# YOUR OBJECTIVE
Print the data exactly. Omit the pictures.

# GIVEN INFORMATION
----------------
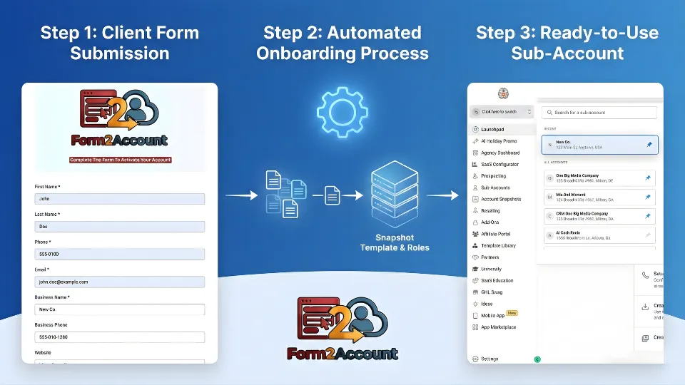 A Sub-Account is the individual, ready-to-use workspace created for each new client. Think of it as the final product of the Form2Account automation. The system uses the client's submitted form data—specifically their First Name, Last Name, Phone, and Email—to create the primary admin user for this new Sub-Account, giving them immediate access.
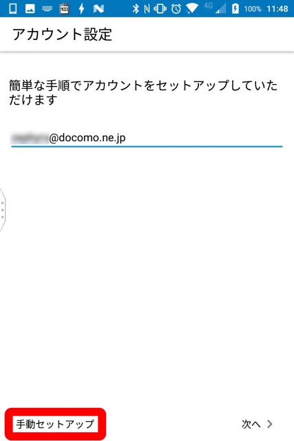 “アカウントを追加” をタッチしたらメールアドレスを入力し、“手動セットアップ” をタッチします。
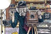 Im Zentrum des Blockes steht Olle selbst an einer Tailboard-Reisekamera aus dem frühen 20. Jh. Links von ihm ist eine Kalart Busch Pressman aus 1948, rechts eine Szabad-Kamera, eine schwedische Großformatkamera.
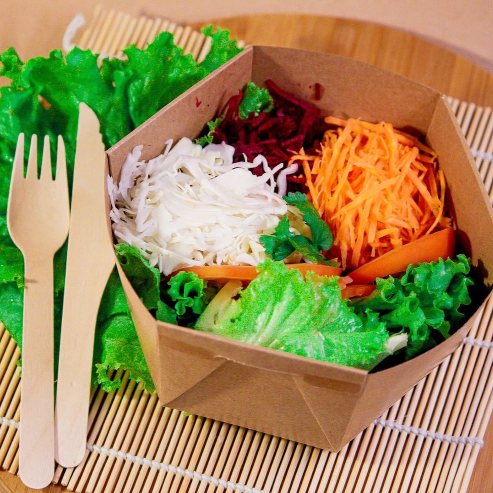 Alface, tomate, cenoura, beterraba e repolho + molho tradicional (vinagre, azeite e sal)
----------------
# ANSWER SECTION
 A Sub-Account is the individual, ready-to-use workspace created for each new client. Think of it as the final product of the Form2Account automation. The system uses the client's submitted form data—specifically their First Name, Last Name, Phone, and Email—to create the primary admin user for this new Sub-Account, giving them immediate access.
 “アカウントを追加” をタッチしたらメールアドレスを入力し、“手動セットアップ” をタッチします。
 Im Zentrum des Blockes steht Olle selbst an einer Tailboard-Reisekamera aus dem frühen 20. Jh. Links von ihm ist eine Kalart Busch Pressman aus 1948, rechts eine Szabad-Kamera, eine schwedische Großformatkamera.
 Alface, tomate, cenoura, beterraba e repolho + molho tradicional (vinagre, azeite e sal)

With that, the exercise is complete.